(Extracted records Opens)

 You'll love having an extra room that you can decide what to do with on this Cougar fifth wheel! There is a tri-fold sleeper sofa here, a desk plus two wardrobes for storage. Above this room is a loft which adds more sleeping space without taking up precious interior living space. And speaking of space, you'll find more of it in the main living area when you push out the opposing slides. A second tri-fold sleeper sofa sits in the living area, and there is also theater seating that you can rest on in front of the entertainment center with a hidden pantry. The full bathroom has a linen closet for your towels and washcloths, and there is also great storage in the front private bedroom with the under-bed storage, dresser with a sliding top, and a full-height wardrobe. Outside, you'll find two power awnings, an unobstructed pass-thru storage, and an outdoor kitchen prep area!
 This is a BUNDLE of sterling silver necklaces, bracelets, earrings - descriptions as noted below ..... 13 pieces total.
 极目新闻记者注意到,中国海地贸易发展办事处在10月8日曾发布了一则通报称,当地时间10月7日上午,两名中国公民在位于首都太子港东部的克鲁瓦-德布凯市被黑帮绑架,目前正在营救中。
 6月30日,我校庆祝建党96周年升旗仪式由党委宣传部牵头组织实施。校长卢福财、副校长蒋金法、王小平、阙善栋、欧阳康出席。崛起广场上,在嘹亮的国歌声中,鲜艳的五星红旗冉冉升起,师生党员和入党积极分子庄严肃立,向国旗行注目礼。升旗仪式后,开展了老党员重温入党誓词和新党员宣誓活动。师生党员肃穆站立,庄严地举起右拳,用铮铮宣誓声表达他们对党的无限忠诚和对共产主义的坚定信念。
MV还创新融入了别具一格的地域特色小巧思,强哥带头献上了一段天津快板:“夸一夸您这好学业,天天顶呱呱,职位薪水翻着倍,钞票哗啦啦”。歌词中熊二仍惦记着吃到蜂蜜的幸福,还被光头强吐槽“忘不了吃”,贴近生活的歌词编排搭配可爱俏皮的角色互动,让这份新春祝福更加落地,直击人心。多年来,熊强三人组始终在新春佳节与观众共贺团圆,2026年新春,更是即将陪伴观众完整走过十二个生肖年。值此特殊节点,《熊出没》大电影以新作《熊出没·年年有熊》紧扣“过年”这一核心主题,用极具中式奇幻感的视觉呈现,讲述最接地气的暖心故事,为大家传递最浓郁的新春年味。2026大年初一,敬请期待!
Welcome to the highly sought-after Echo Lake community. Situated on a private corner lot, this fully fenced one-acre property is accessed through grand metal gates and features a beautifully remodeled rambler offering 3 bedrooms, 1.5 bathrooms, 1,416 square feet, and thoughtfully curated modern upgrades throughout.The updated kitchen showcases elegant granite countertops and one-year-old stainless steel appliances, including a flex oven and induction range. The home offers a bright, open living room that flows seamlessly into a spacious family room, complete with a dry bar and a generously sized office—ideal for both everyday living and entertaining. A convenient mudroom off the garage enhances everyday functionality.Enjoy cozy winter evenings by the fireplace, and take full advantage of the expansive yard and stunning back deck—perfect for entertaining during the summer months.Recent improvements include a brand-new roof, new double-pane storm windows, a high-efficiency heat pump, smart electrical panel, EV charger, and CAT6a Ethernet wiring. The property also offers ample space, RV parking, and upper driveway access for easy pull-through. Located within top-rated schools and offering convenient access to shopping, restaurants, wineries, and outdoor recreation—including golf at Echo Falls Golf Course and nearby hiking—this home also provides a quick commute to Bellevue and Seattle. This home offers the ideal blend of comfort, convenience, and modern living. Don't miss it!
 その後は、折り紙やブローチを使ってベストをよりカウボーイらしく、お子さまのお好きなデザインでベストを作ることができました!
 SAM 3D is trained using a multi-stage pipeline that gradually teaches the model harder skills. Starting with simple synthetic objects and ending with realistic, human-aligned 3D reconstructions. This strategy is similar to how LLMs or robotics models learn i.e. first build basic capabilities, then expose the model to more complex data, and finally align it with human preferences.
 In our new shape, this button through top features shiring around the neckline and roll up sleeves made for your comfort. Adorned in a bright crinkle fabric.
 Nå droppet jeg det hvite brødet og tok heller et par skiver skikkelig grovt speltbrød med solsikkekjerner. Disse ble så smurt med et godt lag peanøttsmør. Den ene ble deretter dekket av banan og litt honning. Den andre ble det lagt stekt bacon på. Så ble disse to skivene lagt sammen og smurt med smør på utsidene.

(Extracted records Closes)
(Extracted records Opens)

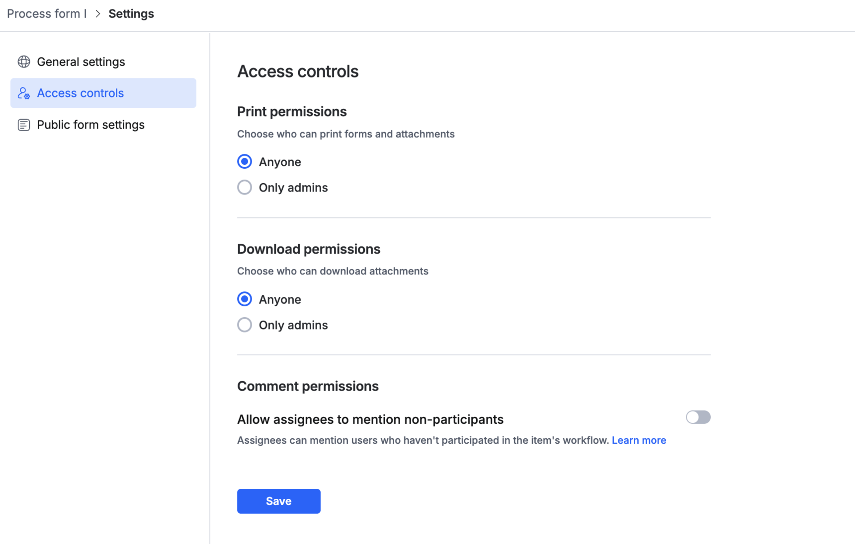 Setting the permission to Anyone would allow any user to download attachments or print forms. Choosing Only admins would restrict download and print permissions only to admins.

(Extracted records Closes)

§ **Problem to work on**: Copy out the lines above exactly, beginning at the one that contains "その後は、折り紙やブローチを" and ending at the one that contains "Nå droppet jeg".

§ **Solution below**:
 その後は、折り紙やブローチを使ってベストをよりカウボーイらしく、お子さまのお好きなデザインでベストを作ることができました!
 SAM 3D is trained using a multi-stage pipeline that gradually teaches the model harder skills. Starting with simple synthetic objects and ending with realistic, human-aligned 3D reconstructions. This strategy is similar to how LLMs or robotics models learn i.e. first build basic capabilities, then expose the model to more complex data, and finally align it with human preferences.
 In our new shape, this button through top features shiring around the neckline and roll up sleeves made for your comfort. Adorned in a bright crinkle fabric.
 Nå droppet jeg det hvite brødet og tok heller et par skiver skikkelig grovt speltbrød med solsikkekjerner. Disse ble så smurt med et godt lag peanøttsmør. Den ene ble deretter dekket av banan og litt honning. Den andre ble det lagt stekt bacon på. Så ble disse to skivene lagt sammen og smurt med smør på utsidene.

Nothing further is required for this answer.